What needs to be done:
Please repeat only the lines below starting at the line that holds "The school had" and ending at the line that holds "Representative conformations of", exactly, with both of those lines included and every picture omitted.

Provided data:
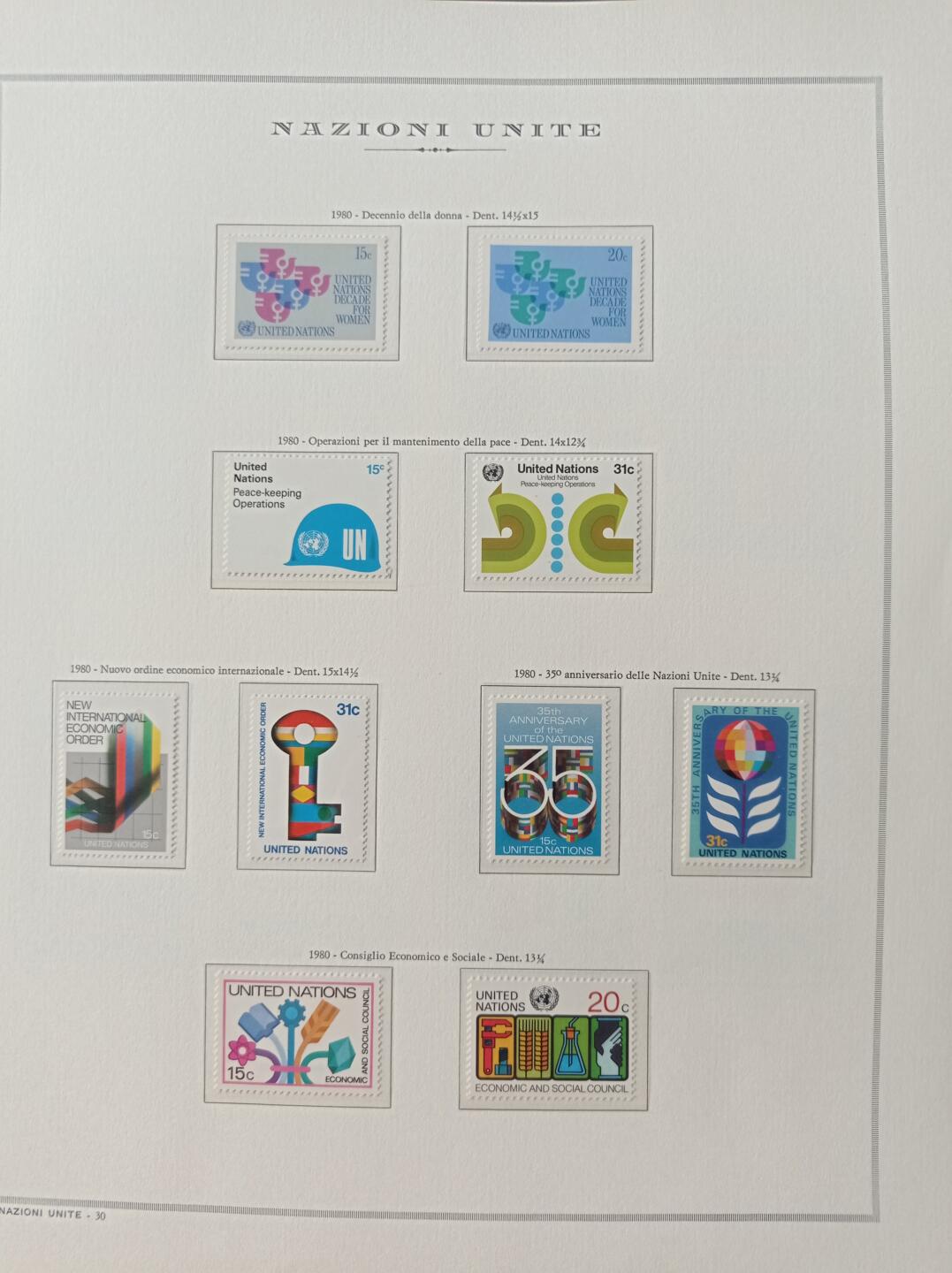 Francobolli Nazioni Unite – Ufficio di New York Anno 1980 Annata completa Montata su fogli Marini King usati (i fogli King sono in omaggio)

==

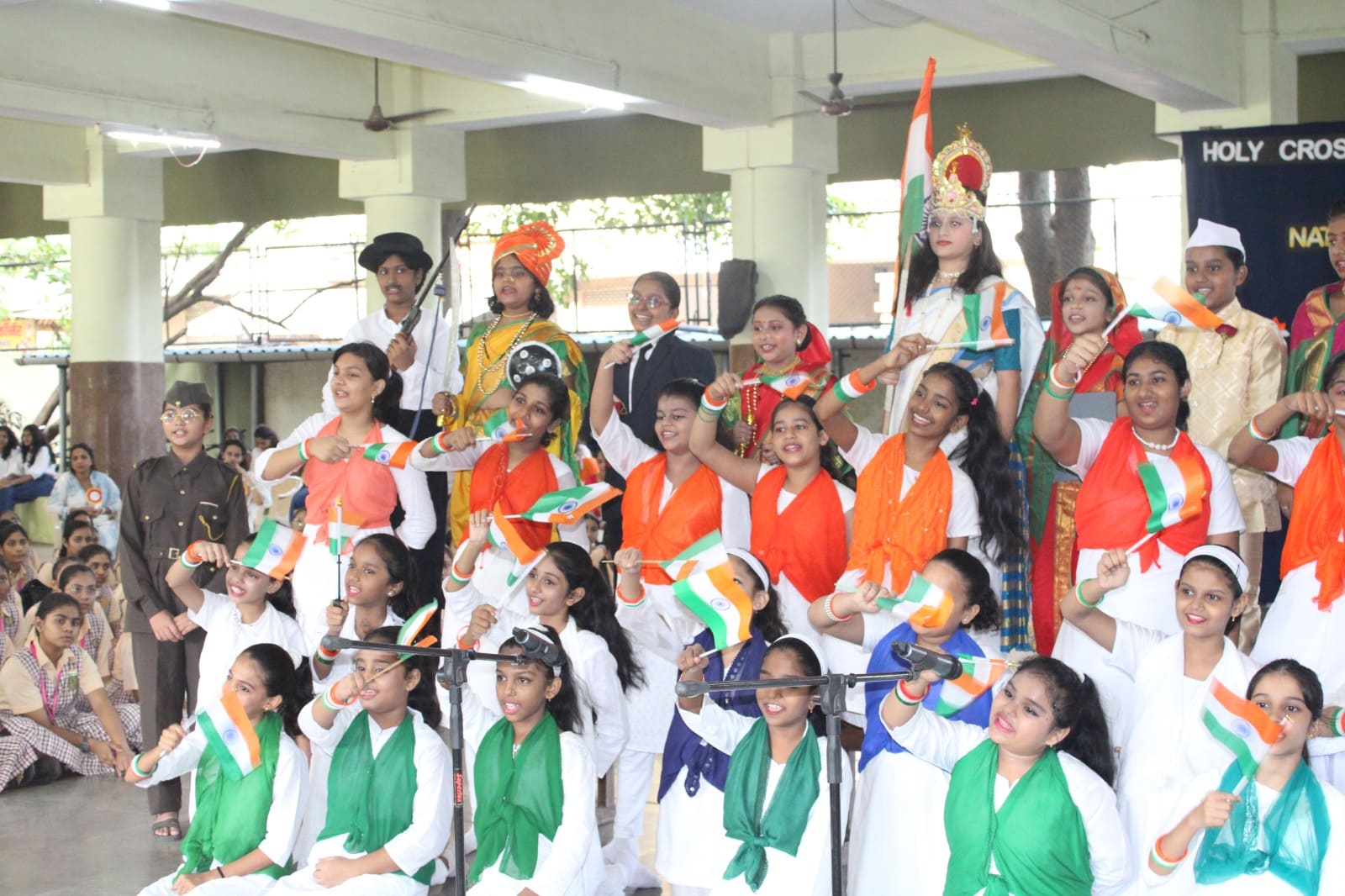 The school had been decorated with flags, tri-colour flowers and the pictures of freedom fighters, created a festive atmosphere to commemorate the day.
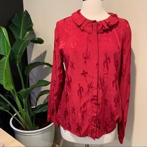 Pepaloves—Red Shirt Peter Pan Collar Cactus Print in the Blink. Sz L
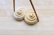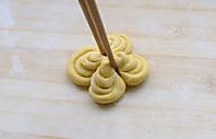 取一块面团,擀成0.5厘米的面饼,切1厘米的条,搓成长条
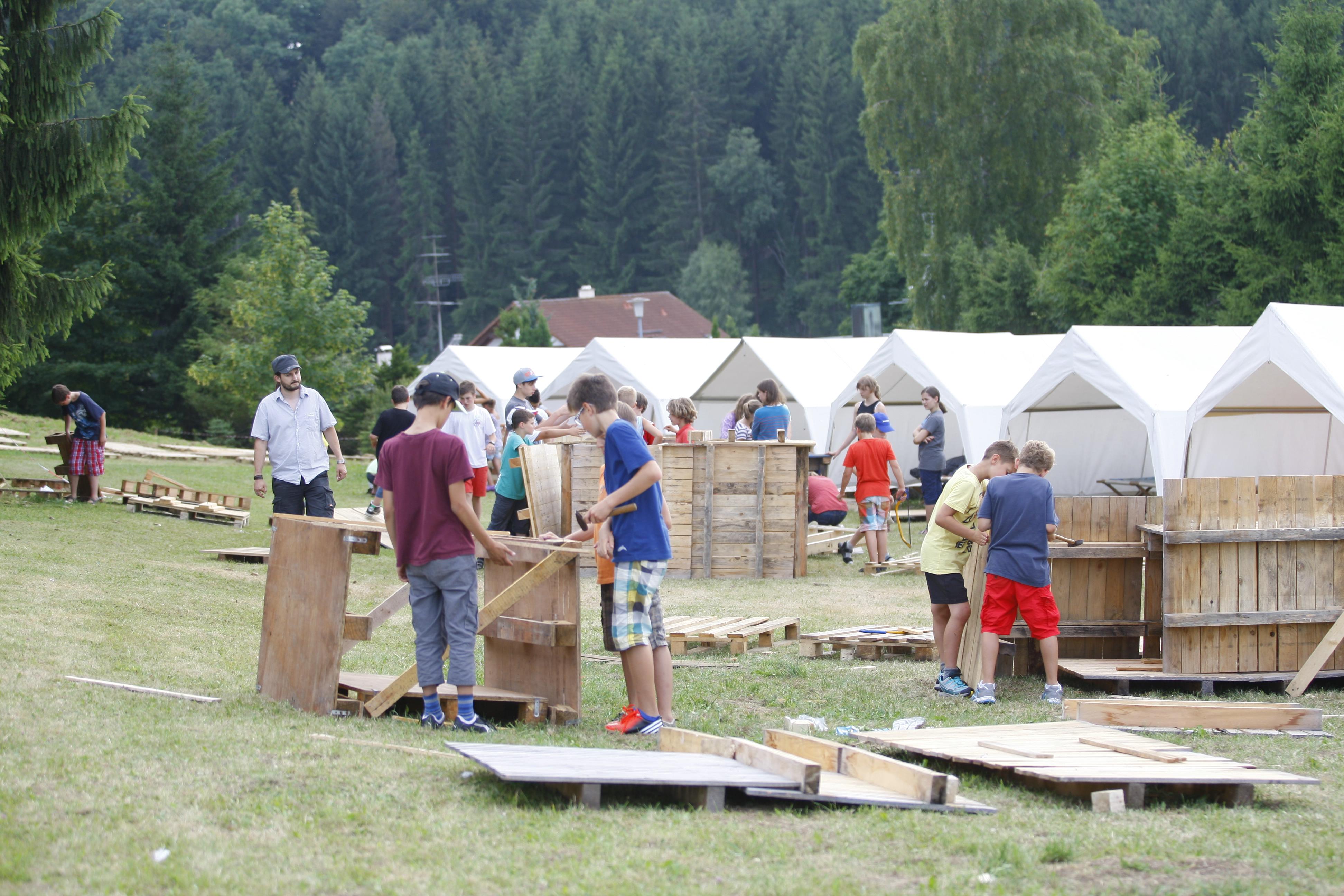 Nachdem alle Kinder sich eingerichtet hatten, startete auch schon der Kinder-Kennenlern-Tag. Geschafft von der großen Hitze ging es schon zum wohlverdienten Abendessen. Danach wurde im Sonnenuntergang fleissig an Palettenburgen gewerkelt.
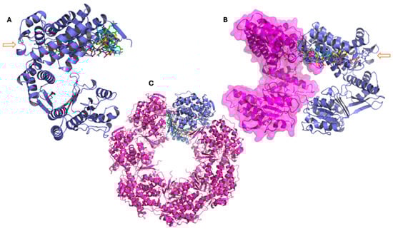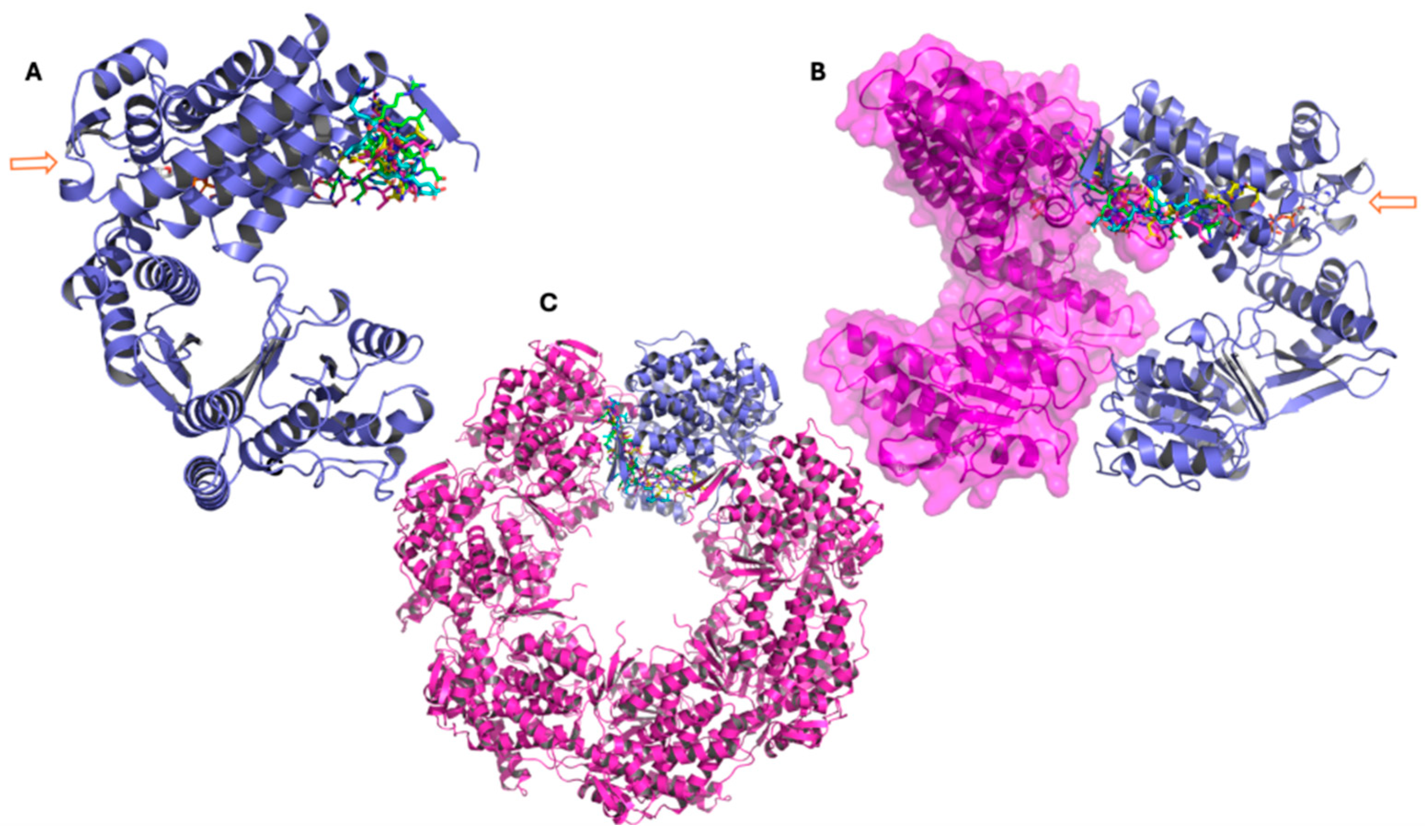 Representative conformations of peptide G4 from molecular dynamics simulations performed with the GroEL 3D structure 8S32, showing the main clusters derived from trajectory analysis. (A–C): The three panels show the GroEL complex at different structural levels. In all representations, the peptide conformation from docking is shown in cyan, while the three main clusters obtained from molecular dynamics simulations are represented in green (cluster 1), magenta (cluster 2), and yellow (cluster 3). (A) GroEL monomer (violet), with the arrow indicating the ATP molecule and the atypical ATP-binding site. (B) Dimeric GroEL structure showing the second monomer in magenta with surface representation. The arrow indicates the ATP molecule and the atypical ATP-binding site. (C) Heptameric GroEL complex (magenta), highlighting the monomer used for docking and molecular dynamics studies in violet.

* * *

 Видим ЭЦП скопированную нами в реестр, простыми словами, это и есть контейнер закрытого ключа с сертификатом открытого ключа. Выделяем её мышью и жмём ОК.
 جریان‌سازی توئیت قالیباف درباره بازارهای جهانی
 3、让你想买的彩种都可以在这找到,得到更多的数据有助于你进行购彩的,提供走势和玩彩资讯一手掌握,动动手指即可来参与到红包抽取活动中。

Response:
 The school had been decorated with flags, tri-colour flowers and the pictures of freedom fighters, created a festive atmosphere to commemorate the day.
 Pepaloves—Red Shirt Peter Pan Collar Cactus Print in the Blink. Sz L
 取一块面团,擀成0.5厘米的面饼,切1厘米的条,搓成长条
 Nachdem alle Kinder sich eingerichtet hatten, startete auch schon der Kinder-Kennenlern-Tag. Geschafft von der großen Hitze ging es schon zum wohlverdienten Abendessen. Danach wurde im Sonnenuntergang fleissig an Palettenburgen gewerkelt.
 Representative conformations of peptide G4 from molecular dynamics simulations performed with the GroEL 3D structure 8S32, showing the main clusters derived from trajectory analysis. (A–C): The three panels show the GroEL complex at different structural levels. In all representations, the peptide conformation from docking is shown in cyan, while the three main clusters obtained from molecular dynamics simulations are represented in green (cluster 1), magenta (cluster 2), and yellow (cluster 3). (A) GroEL monomer (violet), with the arrow indicating the ATP molecule and the atypical ATP-binding site. (B) Dimeric GroEL structure showing the second monomer in magenta with surface representation. The arrow indicates the ATP molecule and the atypical ATP-binding site. (C) Heptameric GroEL complex (magenta), highlighting the monomer used for docking and molecular dynamics studies in violet.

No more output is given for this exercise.